▶ Recorded data:
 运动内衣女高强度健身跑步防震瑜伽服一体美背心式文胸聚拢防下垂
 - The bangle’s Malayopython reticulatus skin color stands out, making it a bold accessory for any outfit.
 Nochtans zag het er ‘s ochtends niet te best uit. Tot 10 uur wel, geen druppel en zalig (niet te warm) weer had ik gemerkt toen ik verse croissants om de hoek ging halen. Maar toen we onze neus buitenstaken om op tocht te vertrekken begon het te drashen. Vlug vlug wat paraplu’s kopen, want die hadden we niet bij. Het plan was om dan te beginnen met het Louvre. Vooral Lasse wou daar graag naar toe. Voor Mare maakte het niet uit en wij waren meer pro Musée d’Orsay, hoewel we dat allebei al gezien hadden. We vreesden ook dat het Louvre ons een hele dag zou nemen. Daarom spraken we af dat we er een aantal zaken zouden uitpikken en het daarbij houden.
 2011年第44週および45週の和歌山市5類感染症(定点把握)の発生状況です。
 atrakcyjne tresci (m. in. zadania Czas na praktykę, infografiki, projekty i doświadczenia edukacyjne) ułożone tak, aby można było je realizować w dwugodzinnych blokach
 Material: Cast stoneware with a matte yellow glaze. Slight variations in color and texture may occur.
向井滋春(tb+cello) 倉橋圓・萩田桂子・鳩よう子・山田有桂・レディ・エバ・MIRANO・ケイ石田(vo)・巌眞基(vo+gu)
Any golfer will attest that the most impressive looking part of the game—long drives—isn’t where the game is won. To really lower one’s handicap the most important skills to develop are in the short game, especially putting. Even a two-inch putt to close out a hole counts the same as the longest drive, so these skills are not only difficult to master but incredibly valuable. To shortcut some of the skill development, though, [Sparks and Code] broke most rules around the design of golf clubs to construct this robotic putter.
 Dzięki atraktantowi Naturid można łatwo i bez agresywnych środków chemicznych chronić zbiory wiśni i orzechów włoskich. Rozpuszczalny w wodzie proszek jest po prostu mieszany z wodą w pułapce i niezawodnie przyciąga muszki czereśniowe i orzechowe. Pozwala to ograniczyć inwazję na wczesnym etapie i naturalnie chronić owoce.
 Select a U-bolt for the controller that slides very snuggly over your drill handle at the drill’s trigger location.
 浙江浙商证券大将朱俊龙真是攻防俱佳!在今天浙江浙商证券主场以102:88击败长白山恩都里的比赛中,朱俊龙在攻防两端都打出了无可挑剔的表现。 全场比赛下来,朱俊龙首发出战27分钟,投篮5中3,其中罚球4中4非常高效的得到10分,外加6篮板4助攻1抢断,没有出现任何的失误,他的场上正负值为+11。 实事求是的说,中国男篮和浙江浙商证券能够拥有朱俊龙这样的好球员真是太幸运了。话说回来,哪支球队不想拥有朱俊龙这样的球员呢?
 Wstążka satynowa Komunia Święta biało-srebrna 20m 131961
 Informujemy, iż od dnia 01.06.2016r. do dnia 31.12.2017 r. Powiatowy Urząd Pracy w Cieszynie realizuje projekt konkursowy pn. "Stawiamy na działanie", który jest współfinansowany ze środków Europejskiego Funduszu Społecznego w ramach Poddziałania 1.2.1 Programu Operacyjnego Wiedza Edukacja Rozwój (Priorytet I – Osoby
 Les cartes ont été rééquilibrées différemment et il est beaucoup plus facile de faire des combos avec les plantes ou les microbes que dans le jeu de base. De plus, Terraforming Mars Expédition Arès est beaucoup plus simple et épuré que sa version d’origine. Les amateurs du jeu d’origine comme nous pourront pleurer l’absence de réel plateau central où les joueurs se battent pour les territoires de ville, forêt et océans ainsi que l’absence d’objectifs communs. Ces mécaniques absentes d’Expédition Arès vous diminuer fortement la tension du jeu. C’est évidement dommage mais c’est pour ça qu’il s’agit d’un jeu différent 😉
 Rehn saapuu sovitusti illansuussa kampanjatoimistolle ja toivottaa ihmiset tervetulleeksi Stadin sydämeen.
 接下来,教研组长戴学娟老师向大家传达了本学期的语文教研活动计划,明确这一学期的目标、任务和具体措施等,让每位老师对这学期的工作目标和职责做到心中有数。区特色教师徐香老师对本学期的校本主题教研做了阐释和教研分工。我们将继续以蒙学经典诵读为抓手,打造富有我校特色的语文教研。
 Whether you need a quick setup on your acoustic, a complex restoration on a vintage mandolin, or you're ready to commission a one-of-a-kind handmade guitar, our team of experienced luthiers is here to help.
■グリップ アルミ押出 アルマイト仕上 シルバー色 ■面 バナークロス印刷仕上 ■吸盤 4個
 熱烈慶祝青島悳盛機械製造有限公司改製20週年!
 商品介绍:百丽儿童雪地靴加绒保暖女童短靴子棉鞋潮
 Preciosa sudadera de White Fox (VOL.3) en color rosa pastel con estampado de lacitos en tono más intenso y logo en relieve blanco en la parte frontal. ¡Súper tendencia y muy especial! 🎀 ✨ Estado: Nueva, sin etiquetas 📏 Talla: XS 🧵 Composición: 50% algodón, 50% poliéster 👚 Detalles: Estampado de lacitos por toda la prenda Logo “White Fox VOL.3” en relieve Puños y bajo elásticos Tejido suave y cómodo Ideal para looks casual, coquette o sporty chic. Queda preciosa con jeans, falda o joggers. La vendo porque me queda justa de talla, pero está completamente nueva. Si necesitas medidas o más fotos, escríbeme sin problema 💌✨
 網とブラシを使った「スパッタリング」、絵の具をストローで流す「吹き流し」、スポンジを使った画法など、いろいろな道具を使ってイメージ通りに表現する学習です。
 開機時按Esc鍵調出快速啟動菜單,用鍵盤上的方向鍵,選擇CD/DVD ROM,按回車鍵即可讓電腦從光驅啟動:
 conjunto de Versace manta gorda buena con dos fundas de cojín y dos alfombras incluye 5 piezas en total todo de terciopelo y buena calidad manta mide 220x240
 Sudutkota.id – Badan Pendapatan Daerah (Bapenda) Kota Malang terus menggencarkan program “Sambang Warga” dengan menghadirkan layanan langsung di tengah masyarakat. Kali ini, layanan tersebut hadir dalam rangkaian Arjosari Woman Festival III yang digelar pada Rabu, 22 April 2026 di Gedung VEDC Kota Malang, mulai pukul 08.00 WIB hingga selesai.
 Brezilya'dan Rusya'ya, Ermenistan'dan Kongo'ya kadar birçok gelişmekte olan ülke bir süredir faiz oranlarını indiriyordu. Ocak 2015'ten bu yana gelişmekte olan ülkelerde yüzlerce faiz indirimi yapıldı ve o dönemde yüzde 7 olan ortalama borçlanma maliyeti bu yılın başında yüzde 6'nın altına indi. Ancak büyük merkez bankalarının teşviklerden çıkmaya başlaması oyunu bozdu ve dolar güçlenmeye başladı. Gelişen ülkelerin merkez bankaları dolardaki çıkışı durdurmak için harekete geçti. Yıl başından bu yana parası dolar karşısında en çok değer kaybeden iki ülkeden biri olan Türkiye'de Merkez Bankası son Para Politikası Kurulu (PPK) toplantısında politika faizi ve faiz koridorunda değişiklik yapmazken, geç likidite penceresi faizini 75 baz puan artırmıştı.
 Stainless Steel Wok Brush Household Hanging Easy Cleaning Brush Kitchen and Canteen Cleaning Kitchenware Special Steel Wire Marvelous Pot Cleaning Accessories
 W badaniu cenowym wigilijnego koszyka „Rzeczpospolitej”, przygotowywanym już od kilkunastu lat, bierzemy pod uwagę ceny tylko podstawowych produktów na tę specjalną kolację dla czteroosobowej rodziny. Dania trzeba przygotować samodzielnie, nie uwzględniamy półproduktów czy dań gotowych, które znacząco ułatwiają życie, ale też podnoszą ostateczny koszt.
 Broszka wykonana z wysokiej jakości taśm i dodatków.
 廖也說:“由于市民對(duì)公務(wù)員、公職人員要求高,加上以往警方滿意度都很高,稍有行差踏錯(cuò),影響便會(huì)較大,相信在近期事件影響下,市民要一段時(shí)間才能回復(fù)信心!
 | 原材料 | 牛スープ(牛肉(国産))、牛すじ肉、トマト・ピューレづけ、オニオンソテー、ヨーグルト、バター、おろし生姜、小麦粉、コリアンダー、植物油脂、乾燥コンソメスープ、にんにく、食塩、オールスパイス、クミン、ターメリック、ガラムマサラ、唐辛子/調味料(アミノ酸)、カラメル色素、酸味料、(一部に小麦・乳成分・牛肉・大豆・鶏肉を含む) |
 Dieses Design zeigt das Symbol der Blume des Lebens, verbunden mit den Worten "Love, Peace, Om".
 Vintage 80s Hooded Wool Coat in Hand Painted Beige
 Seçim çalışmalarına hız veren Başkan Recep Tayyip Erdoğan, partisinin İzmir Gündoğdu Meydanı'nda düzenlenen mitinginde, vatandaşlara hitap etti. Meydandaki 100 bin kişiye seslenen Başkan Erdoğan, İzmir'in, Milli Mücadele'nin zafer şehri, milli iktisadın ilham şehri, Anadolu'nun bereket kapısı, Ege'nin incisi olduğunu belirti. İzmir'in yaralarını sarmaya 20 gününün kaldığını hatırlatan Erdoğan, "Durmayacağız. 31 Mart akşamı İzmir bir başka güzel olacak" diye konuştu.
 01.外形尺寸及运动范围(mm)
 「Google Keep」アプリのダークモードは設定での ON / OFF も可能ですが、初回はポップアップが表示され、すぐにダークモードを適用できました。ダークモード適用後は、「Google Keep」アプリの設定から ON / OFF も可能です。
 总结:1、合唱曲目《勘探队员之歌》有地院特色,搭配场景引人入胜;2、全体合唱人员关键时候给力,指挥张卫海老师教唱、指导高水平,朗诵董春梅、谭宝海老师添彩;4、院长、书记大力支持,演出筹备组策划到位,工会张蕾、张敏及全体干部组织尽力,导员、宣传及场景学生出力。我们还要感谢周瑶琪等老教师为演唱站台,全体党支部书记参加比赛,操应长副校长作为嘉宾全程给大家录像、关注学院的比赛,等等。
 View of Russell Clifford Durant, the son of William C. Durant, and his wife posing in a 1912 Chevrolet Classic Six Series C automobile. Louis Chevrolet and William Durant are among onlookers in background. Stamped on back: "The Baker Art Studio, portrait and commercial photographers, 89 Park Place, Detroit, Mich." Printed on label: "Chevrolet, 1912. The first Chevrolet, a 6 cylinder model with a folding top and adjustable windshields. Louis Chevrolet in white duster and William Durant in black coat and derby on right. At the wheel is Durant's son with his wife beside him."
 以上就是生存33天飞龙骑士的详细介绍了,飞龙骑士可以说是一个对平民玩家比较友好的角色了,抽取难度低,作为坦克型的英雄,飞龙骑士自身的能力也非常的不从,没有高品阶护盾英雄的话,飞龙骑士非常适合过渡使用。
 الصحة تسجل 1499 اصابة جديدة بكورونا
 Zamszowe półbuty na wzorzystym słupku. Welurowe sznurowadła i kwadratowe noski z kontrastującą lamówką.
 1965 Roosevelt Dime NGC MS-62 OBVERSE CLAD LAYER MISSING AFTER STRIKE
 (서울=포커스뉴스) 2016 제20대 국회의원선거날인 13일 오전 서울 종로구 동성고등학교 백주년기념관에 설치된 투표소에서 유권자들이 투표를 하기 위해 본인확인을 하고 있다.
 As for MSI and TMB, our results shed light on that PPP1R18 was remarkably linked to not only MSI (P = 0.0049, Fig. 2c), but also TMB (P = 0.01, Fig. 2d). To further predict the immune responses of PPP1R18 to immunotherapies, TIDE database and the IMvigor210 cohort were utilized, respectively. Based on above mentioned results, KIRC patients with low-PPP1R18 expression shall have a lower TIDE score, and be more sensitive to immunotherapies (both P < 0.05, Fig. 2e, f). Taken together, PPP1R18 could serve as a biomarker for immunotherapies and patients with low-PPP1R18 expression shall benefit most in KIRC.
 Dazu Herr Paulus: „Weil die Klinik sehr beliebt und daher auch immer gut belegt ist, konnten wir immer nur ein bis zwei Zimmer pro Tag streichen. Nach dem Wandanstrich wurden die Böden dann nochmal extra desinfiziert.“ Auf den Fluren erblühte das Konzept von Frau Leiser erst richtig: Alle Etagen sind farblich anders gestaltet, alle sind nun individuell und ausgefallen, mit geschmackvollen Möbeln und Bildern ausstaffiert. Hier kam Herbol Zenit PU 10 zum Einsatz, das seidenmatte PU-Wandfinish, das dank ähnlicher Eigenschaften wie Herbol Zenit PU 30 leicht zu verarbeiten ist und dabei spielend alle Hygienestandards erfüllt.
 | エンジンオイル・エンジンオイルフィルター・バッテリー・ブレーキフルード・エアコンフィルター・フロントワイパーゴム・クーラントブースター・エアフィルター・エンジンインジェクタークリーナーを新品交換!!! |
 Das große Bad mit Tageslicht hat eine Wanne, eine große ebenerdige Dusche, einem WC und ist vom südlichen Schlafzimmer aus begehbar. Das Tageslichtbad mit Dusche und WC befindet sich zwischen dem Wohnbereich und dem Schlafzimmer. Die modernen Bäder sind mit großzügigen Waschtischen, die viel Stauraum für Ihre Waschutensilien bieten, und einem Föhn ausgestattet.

▶ What is expected: From the listing above, output exactly the run of lines that starts with the line containing "1965 Roosevelt Dime" and ends with the line containing "(서울=포커스뉴스) 2016 제20대".

▶ Solution below:
 1965 Roosevelt Dime NGC MS-62 OBVERSE CLAD LAYER MISSING AFTER STRIKE
 (서울=포커스뉴스) 2016 제20대 국회의원선거날인 13일 오전 서울 종로구 동성고등학교 백주년기념관에 설치된 투표소에서 유권자들이 투표를 하기 위해 본인확인을 하고 있다.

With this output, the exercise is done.